In a fitted regression model that relates the sale price to taxes and building characteristics, would you include all the variables?

A veteran real estate agent has suggested that local taxes, number of rooms, and age of the house would adequately describe the sale price. Do you agree?

A real estate expert who was brought into the project reasoned as follows: The selling price of a home is determined by its desirability and this is certainly a function of the physical characteristic of the building.
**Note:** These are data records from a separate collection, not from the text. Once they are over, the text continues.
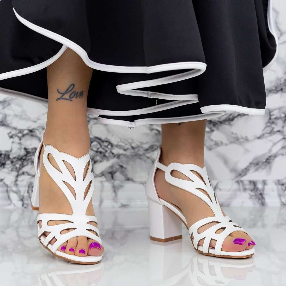 Sandale Dama cu Toc Gros 5GZ57 Alb | Mei
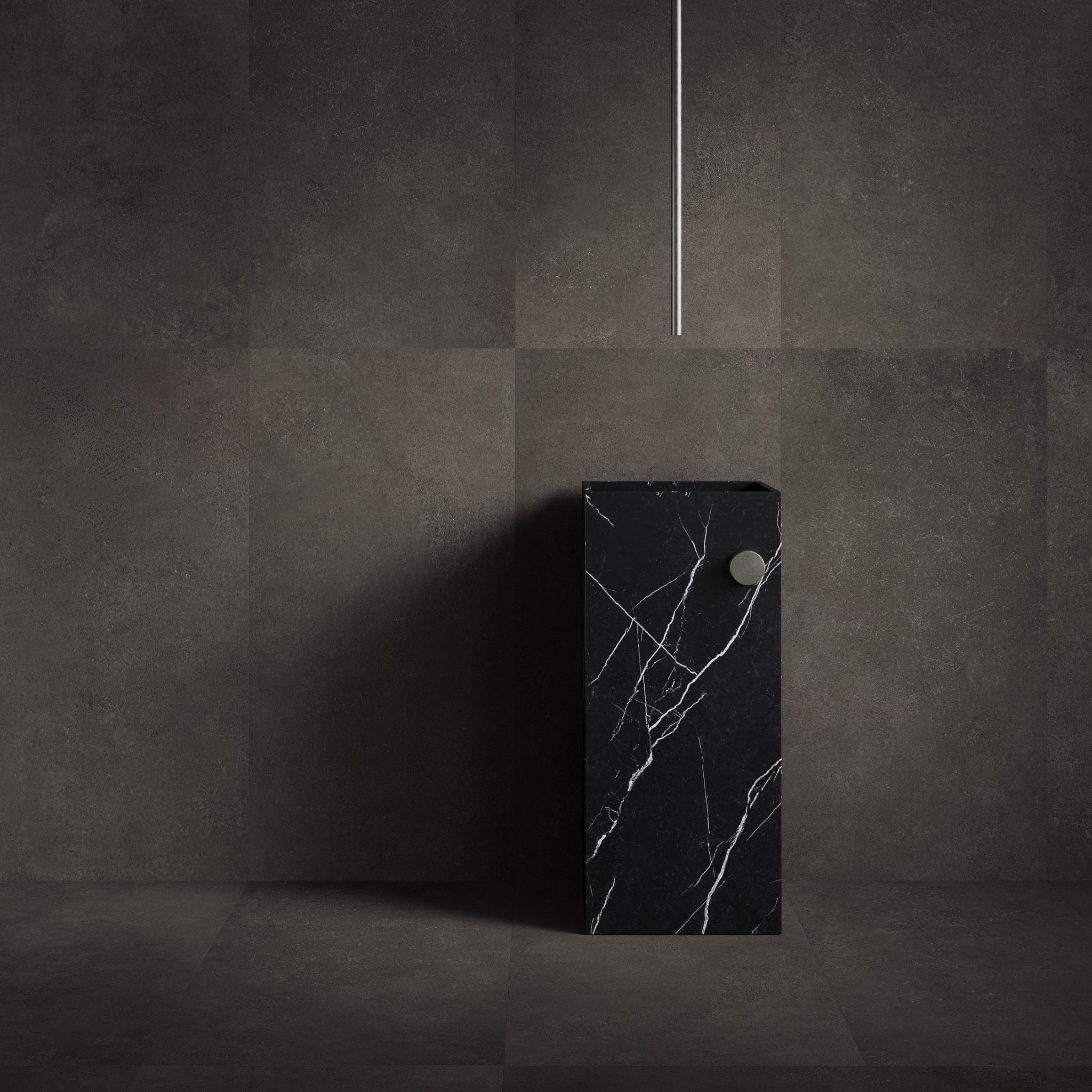 Forma Notte porcelain tile is defined by a deep charcoal tone that recalls the endurance of architectural surfaces. Its matte finish creates clarity and contrast, shaping interiors with modern precision. Crafted in Italy, it endures daily use while retaining striking presence. Notte lends a bold yet versatile foundation to bathroom spaces.
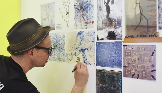 Sopra: Kristof Kintera, durante l’allestimento di Postnaturalia, 13-14 marzo 2017. Foto: Sofia Picariello
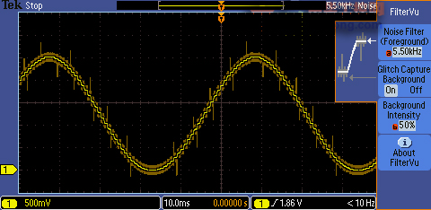 噪聲是幾乎所有電氣設計和調試工作中都存在的極具挑戰性的問題。MSO/DPO2000係列獨有的FilterVu可變低通濾波器提供了強大靈活的工具,使得用戶能夠更好地解決設計中的噪聲問題。FilterVu是(shi)唯(wei)一(yi)允(yun)許(xu)用(yong)戶(hu)從(cong)顯(xian)示(shi)的(de)信(xin)號(hao)中(zhong)濾(lv)掉(diao)不(bu)想(xiang)要(yao)的(de)噪(zao)聲(sheng),同(tong)時(shi)仍(reng)能(neng)用(yong)示(shi)波(bo)器(qi)的(de)全(quan)部(bu)帶(dai)寬(kuan)捕(bu)獲(huo)意(yi)想(xiang)不(bu)到(dao)的(de)毛(mao)刺(ci)的(de)可(ke)變(bian)低(di)通(tong)濾(lv)波(bo)器(qi)。通(tong)過(guo)顯(xian)示(shi)兩(liang)個(ge)波(bo)形(xing):一個可以濾掉的波形(前景波形),一個毛刺捕獲波形(背景波形)來實現。這一功能對電機、功率電子、通信類科研和開發項目的複雜調製信號分析大有裨益。
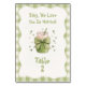 These table numbers feature a sage green and white gingham border with a watercolor matcha latte illustration in a mason jar. Design includes a large soft green bow tied around the jar and tiny scattered hearts in muted green tones. Shows the playful text "Baby, We Love You So Matcha!" in matching green lettering. Perfect for marking tables at your baby shower seating arrangement. Coordinates with the full matching collection for a complete event look.
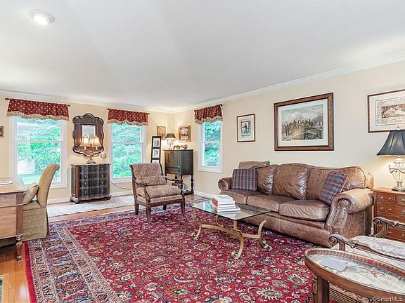 Step into this beautifully refreshed Colonial with a recently painted exterior and mostly repainted interior. Enter the 2 story foyer leading to the large living with with one of 3 fireplaces and newly installed HW floors. French doors lead into a cozy sunroom (currently the perfect home office with warm wood paneling, vaulted ceiling and skylite. The floorplan flows easily into the family room with another wood burning fireplace and French doors leading to a private deck. Next is the sunny updated kitchen which has lots of creamy painted cabinetry, granite counters, new stainless appliance (except refrigerator which is newer plus an island and pantry closet. There is a comfortable eating area with sliders to the deck. Off the kitchen you will find a convenient laundry area plus a 2nd half bath on this main floor. There is also the much coveted mudroom leading to the attached 2 car garage (with new garage doors. Upstairs (which has been newly carpeted you will find a large cedar closet, 3 good size bedrooms, a spacious hall bath with double sinks and lots of storage. Then find the generous sized master suite with another fireplace, private en-suite with double sinks plus a walk-in closet. That's not all. Continue to the lower level with additional space for all. Perfect for everyone with lots of built-in storage, plus built-in desk area as well as another full bath and suana. Extras includes 4 zone oil heat, 3 zone A/C plus gutter guards. Nothing to do but move right in

This overall assessment is reflected in the local taxes paid by the homeowner; consequently, the best predictor of sale price is the local taxes. The building characteristics are therefore redundant in a regression equation which includes local taxes. An equation that relates sales price solely to local taxes would be adequate. Examine this assertion by examining several models. Do you agree? Present what you consider to be the most adequate model or models for prediction sale price of homes in Erie, PA.